Integration of PBS Professional with Kubernetes for PBS Pro to provision and schedule jobs along with docker containers. This integration will benefit sites in being able to run both HPC workloads as well as container workloads on the same HPC cluster without needing for partitioning into two separate portions. This integration will also allow sites to take advantage of the sophisticated scheduling algorithms in PBS Pro and administer the cluster centrally using a single scheduler with a global set of policies. Kubernetes ships with a default scheduler but since the default scheduler does not suit our needs, a custom scheduler which talks to the server, getting unscheduled pods, then talking to PBS Pro for scheduling them.

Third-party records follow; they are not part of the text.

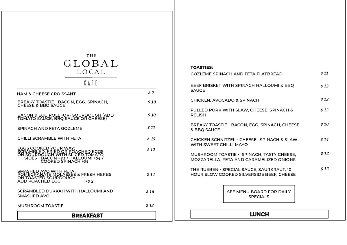 The Global Local's menu is a delectable array of options that cater to both hearty appetites and light snacks. Their coffee selection is truly outstanding, featuring various brews from classic lattes and cappuccinos to intriguing options like the Chai Latte and Mocha. The café isn't just about drinks; it boasts a remarkable array of breakfast and lunch dishes that are sure to please any palate. Think of savoring the robust flavors of the Beef Brisket with Spinach, Halloumi & BBQ Sauce or delighting in the Gozleme with Spinach and Feta Flatbread— both are sure to tickle your taste buds and leave you craving more. Vegetarian options like the sumptuous Mushroom Toastie also shine, ensuring everyone finds something to enjoy.
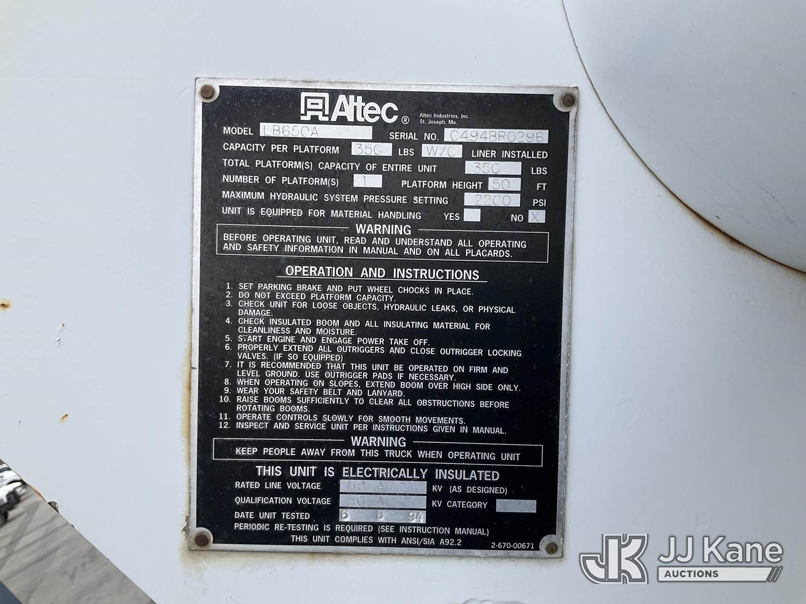 Altec LB650A, 55 ft, Articulating Non-Over Center Bucket Truck s/n C494BR029, corner mounted on 1995 Ford F800 Chipper Dump Truck, 5.9L diesel, Auto, (Exempt from Odometer Disclosure - Reads 40,207 miles) (Runs, Moves & Operates) (Out Riggers Do Not Work All the Time, Electrical Issues) This is a Titled Item NOTE: This unit is being sold AS IS/WHERE IS via Timed Auction and is located in Salt Lake City, UT. Inspection & preview days for this unit are the 2 business days prior to the first day of items closing for this auction, item is located at 2353 N Redwood Rd Salt Lake City, UT 84116 and hours of operations are 8a-4p. Titles executed exactly as bidder registered. Ensure your name and/or business name and address in JJ Kane and/or ProxiBid is correct before bidding. For pre-sale questions, please contact Office Staff @ (801) 519-0123. (Manuals provided in cab) (Buyer is responsible for removal. Assistance by consignor or JJ Kane Auctions is not assured.)
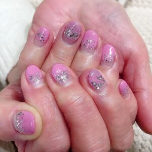 【シンプルネイルでオフィスにも◎】ラメ乗せハーフフレンチ💅🏻桜新町ネイルサロンpeep-PEEP

This custom scheduler can run instead of, or alongside the default scheduler. User can instruct Kubernetes which scheduler to use in the pod definition. This Integration is also achieved using PBS Pro hooks.
A hook is a block of Python code that PBS Pro executes at certain events, for example, when a job is queued. Each hook can accept (allow) or reject (prevent) the action that triggers it. A hook can make calls to functions external to PBS Pro.
Make sure you have a cluster of nodes where, both Kubernetes and PBS Professional are setup.
Enter the value for apiHost
, the location of api-server, in kubernetes.go file.
Setup kubelet to a watched directory by using the --config option. The value to --config is the directory that the kubelet will watch for pod manifests to run. First create a directory for this, and then start the kubelet.
To Build the custom scheduler, clone the kubernetes-pbspro-connector repository and move into the scheduler folder of kubernetes-pbspro-connector and run the following command:
go build -a --ldflags '-extldflags "-static"' -tags netgo -installsuffix netgo .
The above command creates the scheduler binary in the current directory.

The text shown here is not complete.